Dans l'univers du rugby, la règle d'accession au Top 14 pour les clubs évoluant en Pro D2 suscite de nombreux débats. En effet, l'équipe qui termine à la première place du classement ne bénéficie pas d'une montée automatique. Au lieu de cela, elle doit impérativement remporter la finale d'accession pour accéder à l'élite du rugby français. Les Morbihannais de Vannes, par exemple, affichent actuellement 21 points d'avance sur leur poursuivant, Colomiers (Haute-Garonne). Pourtant, cette avance ne garantit pas leur présence en Top 14 la saison prochaine, un système jugé injuste par de nombreux acteurs du rugby.
La saison précédente, Grenoble avait terminé en tête avec le même écart, seulement pour se voir refuser l’accès à la première division après une défaite lors des barrages. La qualification de Montauban, vainqueur surprise des phases finales, a laissé les supporters et les joueurs perplexes quant à la logique de ce format. Ainsi, la question se pose : où est l'intérêt de lutter tout au long d'une saison pour terminer premier, si au final, cela ne mène à rien ?

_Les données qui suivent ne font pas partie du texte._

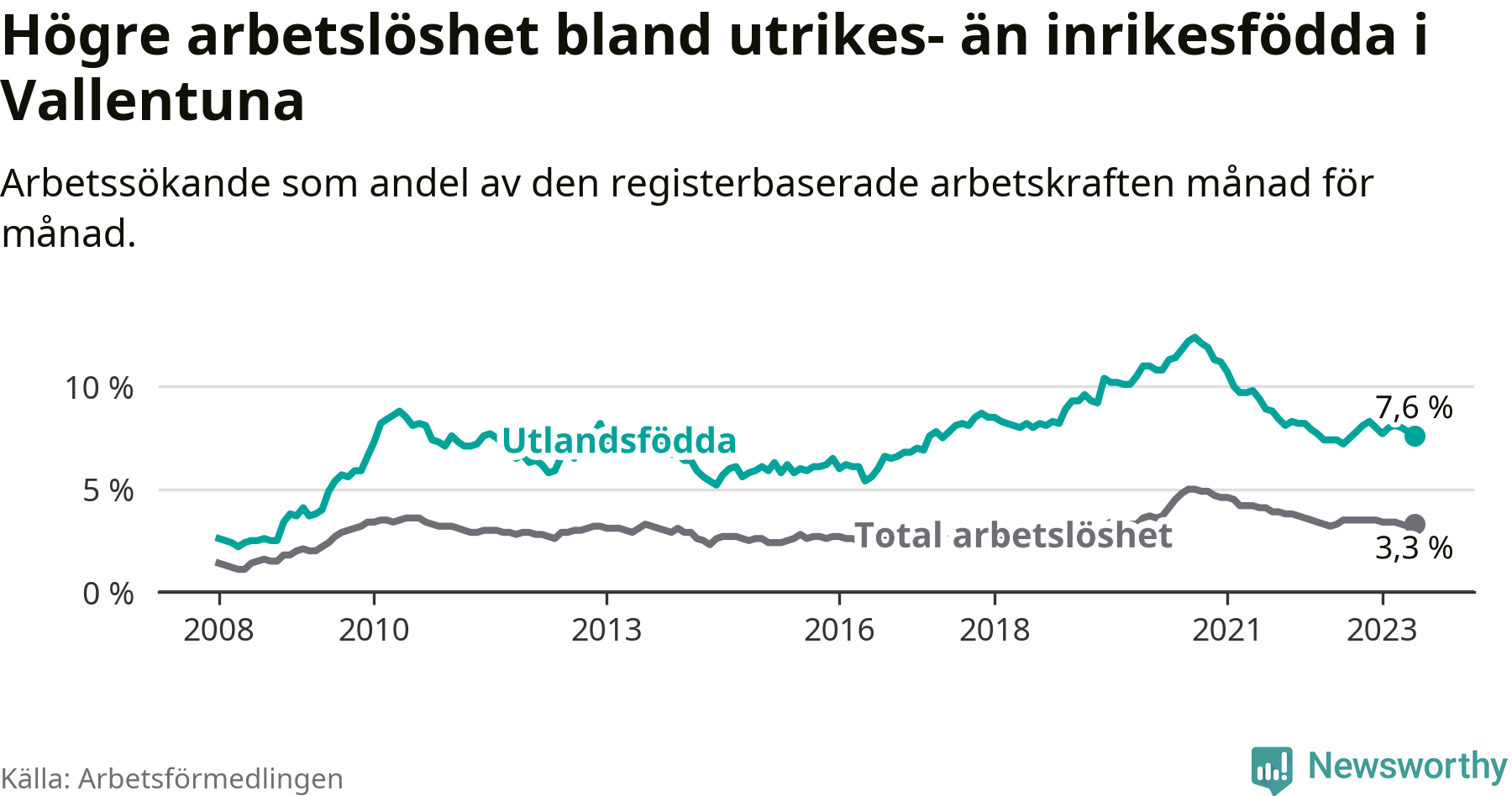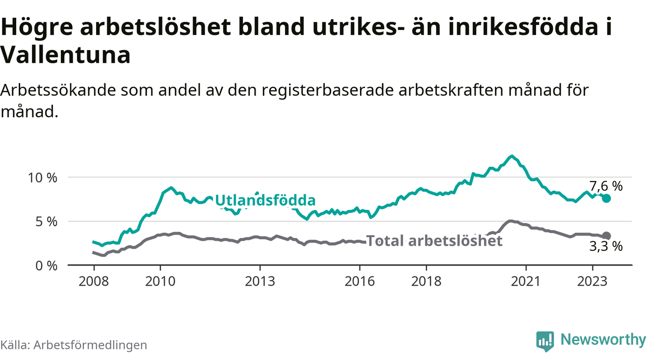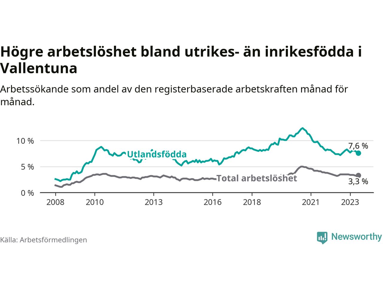 Arbetslösheten bland utlandsfödda var 7,6 procent i Vallentuna under juni månad, motsvarande 254 av 3 342 personer. Det är 0,2 procentenheter fler än vid samma tidpunkt i fjol (+23 om man räknar personer).
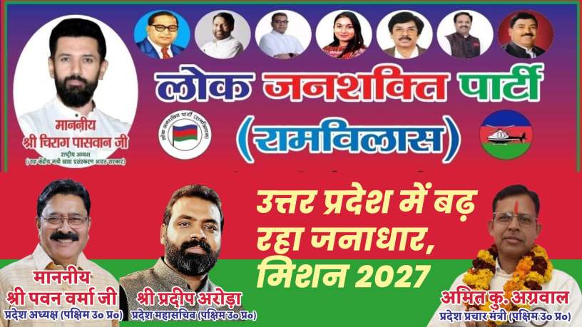 लोक जनशक्ति पार्टी (रामविलास) के प्रदेश प्रचार मंत्री (पश्चिम उत्तर प्रदेश) अमित कुमार अग्रवाल ने कहा कि आगामी 2027 उत्तर प्रदेश विधानसभा चुनाव को लेकर पार्टी पूरी मजबूती और रणनीति के साथ काम कर रही है। उन्होंने बताया कि प्रदेश अध्यक्ष (पश्चिम उत्तर प्रदेश) पवन वर्मा जी के नेतृत्व में संगठन लगातार मजबूत किया जा रहा है और कार्यकर्ता बूथ स्तर तक सक्रिय होकर जनसंपर्क अभियान चला रहे हैं।
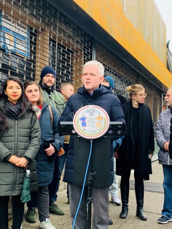 Council Member Jimmy Van Bramer holds a press conference in Sunnyside Friday to rally for a commercial rent control bill (Photo: Courtesy of CM Van Bramer’s office)
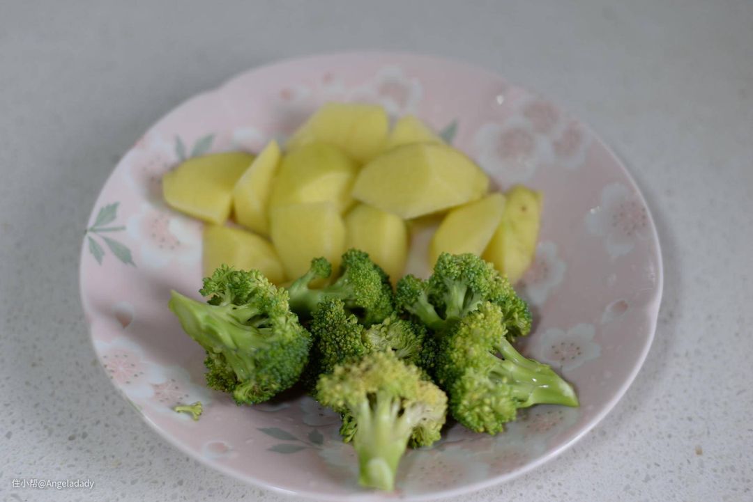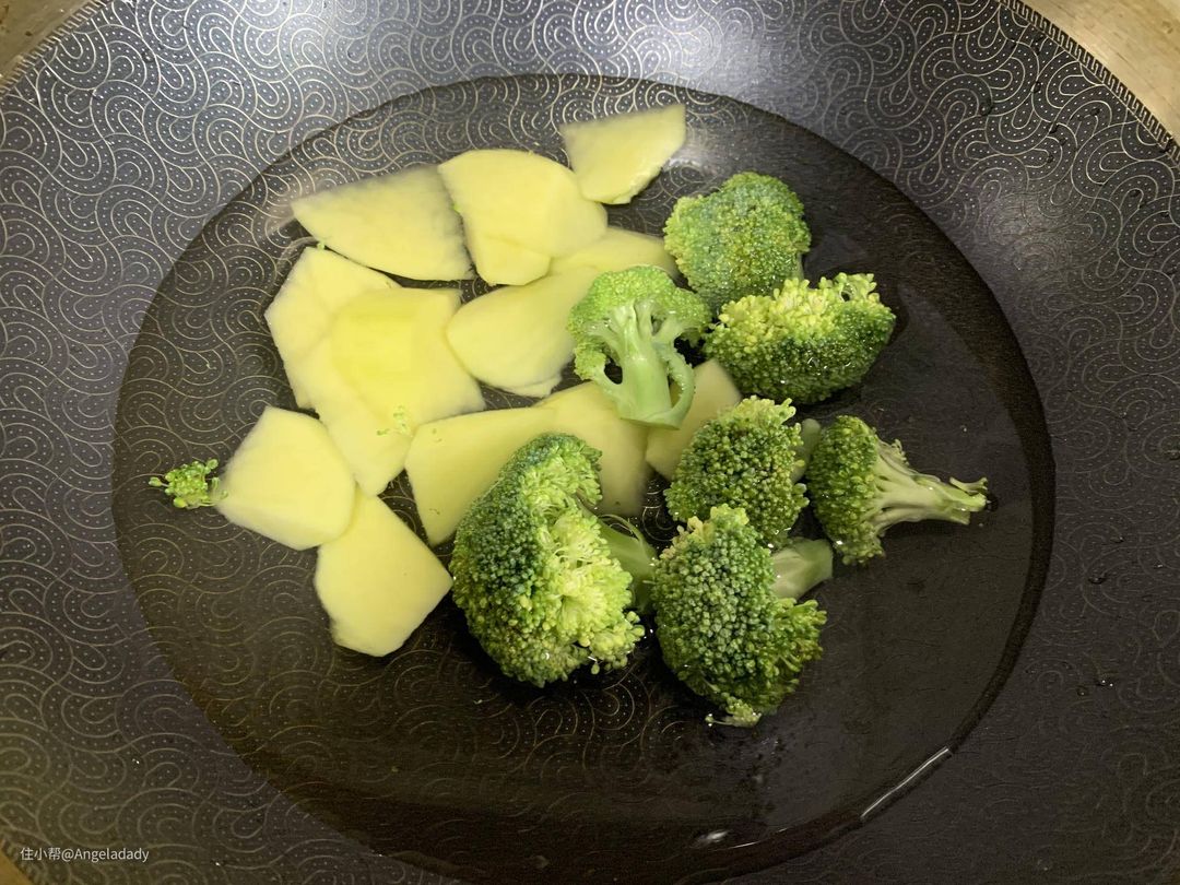 ▲开煎之前,我们可以直接先做配菜,我选了西蓝花和土豆,颜色好看,味道也是小朋友都喜欢的。
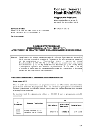 Dans le cadre du présent rapport et selon le règlement financier dans son article 9.6, il vous est proposé de procéder à l’ajustement des affectations par opération sur les programmes A111 "Constructions neuves et travaux sur routes départementales" (- 301 601 €), A131 "Travaux de renforcement sur routes départementales" (- 79 701 €), A132 "Travaux de calibrage" (+ 44 148 €), A171 "Aménagement cyclable sur domaine départemental" (+ 170 000 €) et de m’autoriser à signer avec les partenaires concernés, les conventions et avenants portant sur les programmes correspondants.

Pour plusieurs experts, un réexamen des règles s'impose. En effet, il serait peut-être plus juste que le premier de Pro D2 accède directement au Top 14, remplaçant ainsi le dernier classé de la première division. Cela permettrait de renforcer la compétitivité tout en récompensant le mérite des équipes qui se battent dur durant la saison. Selon le célèbre entraîneur Philippe Sella, "le mérite doit primer dans un sport comme le rugby, où l'effort collectif est fondamental".
En somme, l'enjeu dépasse largement le cadre sportif, touchant aux valeurs mêmes qui régissent le rugby. L'heure est donc à la réflexion pour les instances dirigeantes de ce sport, afin d'envisager un système d'accession qui puisse rendre hommage aux véritables performances des équipes tout au long de l'année.